Our program would connect candidates with pro bono parole representation, generating massive cost savings for Texas taxpayers (over a ten-year period, taxpayers can anticipate spending $220,120 to incarcerate a single person). We will amplify our impact by conducting trainings in prison, and with the family members of the incarcerated, about how people can advocate for themselves before the parole board. Over time, we will have the option of scaling up the program to serve more clients if additional funds become available. We anticipate that we will ultimately represent 50 clients a year during the pilot phase of our program and 80% of our clients will be granted parole each year.

We will hire a successfully reintegrated, formerly incarcerated citizen to support our clients while they are still incarcerated and then connect them to reentry services once they are released. We will have a personal relationship with our clients, having assembled their parole packets, met them and their families, and shared their entire life story. This will give us the line of communication and the credibility to provide reentry support that is robust, meaningful, and individually tailored. When a returning citizen has help to find housing, jobs and medical care, their chance of returning to prison plummets. As we are able to show that our clients have a track-record of success, it will in turn make it easier for parole boards to release our future clients, creating a positive feedback loop. 

Our Impact

This program will have important systemic impacts for addressing trauma and violence in Texas communities. Our program will create a community of returning citizens that could, if they wish, eventually support vital local and statewide reforms for people who are incarcerated. There is now a nationwide movement for second chances reforms (reforms that would allow incarcerated people the opportunity to have their sentences reviewed after 10 or 15 years). In Texas, key conservative legislators have championed second chances reforms, but these reforms have not gained enough traction to pass into law. The reforms need humanized success stories and credible advocates. Beyond state legislation, Texas is also in dire need of local initiatives, like improved reentry services, that would serve returned citizens and reduce violence in our communities.
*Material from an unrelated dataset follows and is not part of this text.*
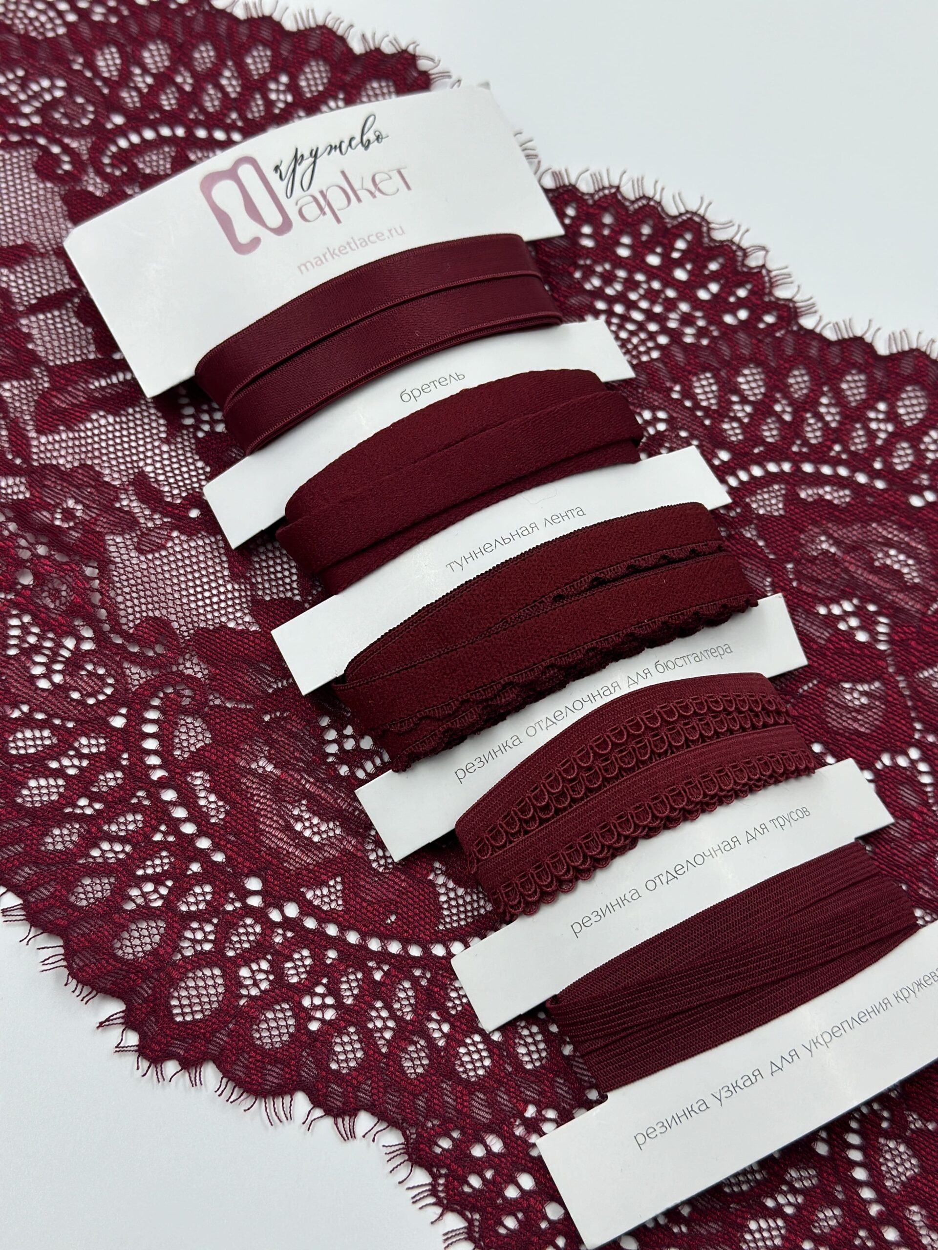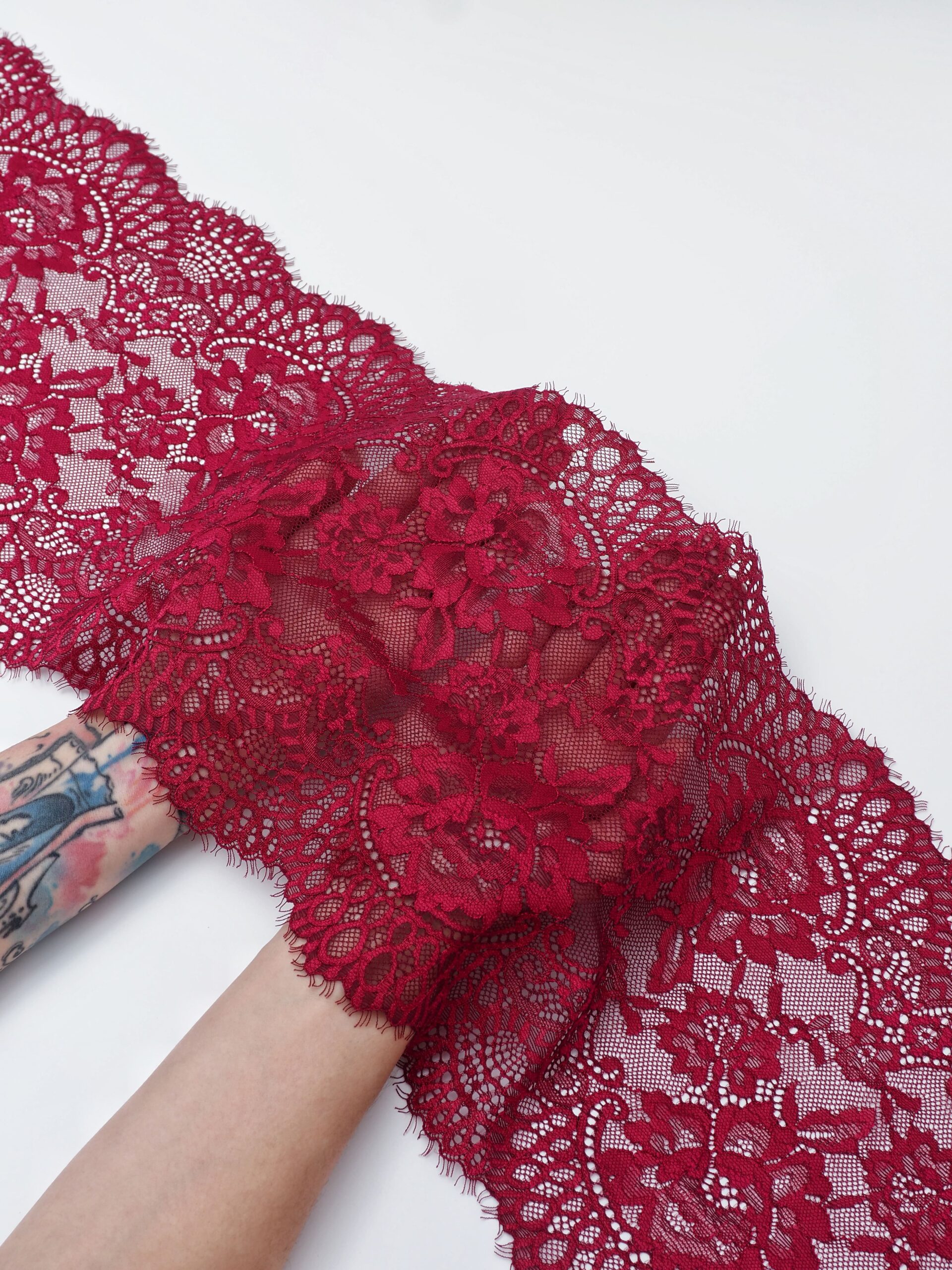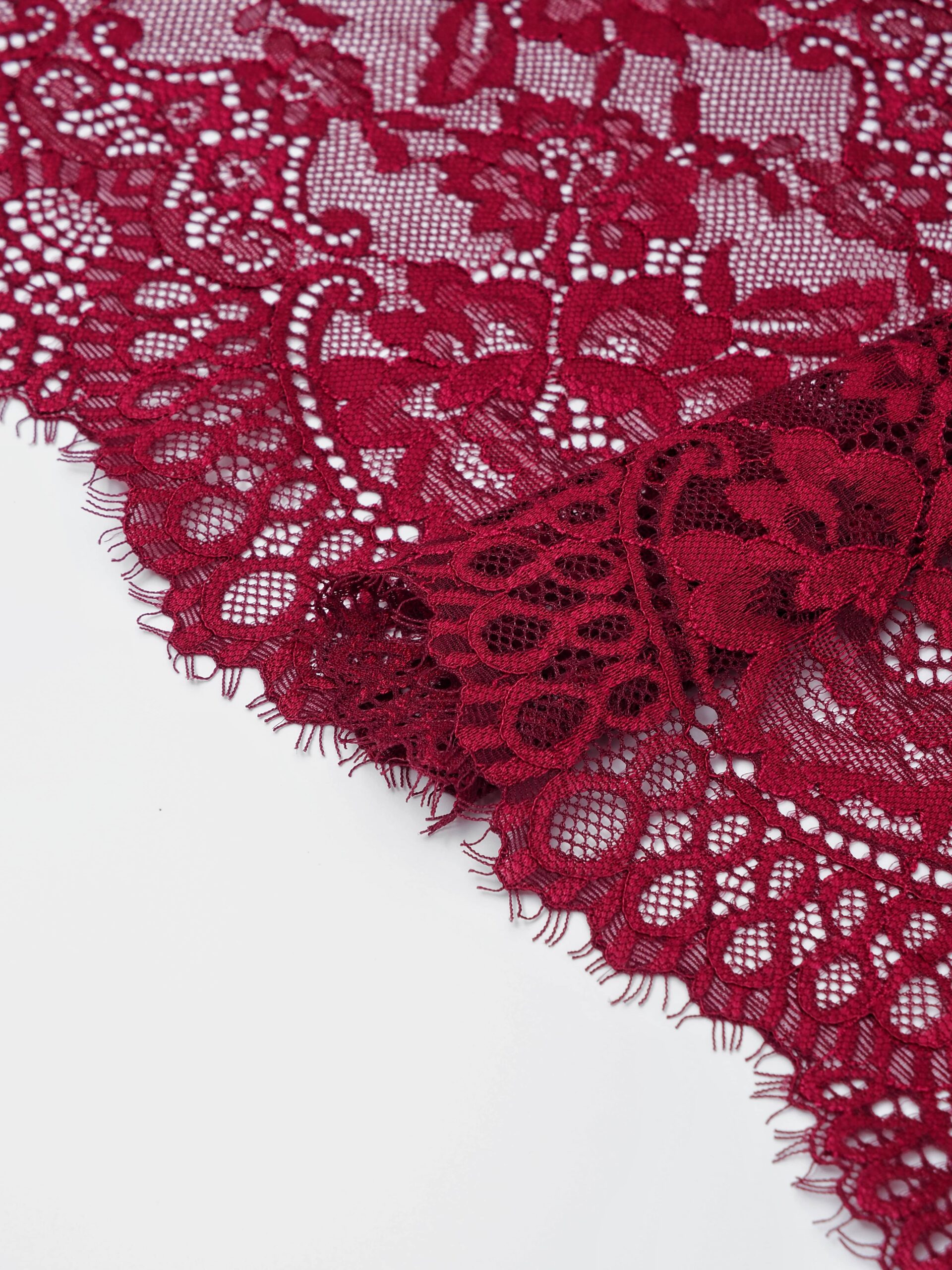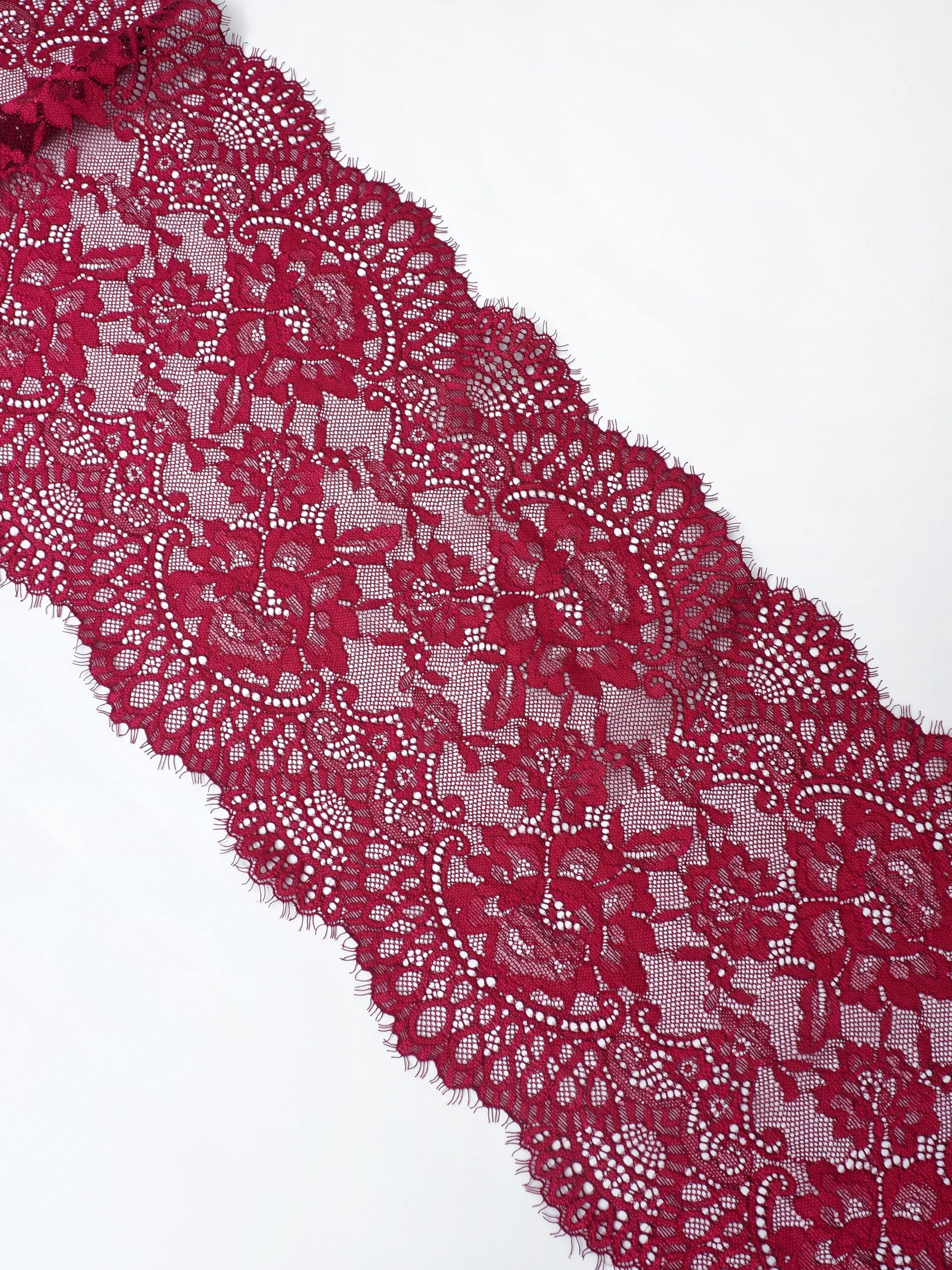 Кружево стрейч бордового оттенка с цветочным рисунком. Шантильи эластичное гранатового цвета блестящее.

To ensure these vital reforms take root, we need to transform how Texans perceive people who are incarcerated and we need to build up a network of formerly incarcerated advocates who can push for these measures. We are optimistic that as our clients go home, we can obtain funding from individual donors to support our clients to advocate for legislative measures, champion vital local reentry services, and give speeches in local communities. 

This program can also make a vital national impact. Texas is the most influential state for criminal justice reform in the United States. We all know the saying, “As goes Texas, so goes the nation.” We cannot develop innovative approaches to criminal justice by only focusing on Blue states. We need to innovate in the very place where the need is most profound and where reforms seem, at first glance, the most challenging: Texas and other Deep South states.

The reality is that despite its tough-on-crime stereotype, we know from experience that transformative change is possible in Texas. When criminal-justice reforms happen here, they sweep the nation. For example, Texas Defender Service championed a new science statute that was eventually passed into law by the state legislature. This statute, the first of its kind in the United States, allowed the innocent to revisit their wrongful convictions. Once launched in Texas, this innovation swept across the United States, inspiring similar legislation in other states. The innocence statute is just one example; Texas’s Right on Crime coalition propelled a nationwide, bipartisan movement for criminal-justice reform in the early 2000’s.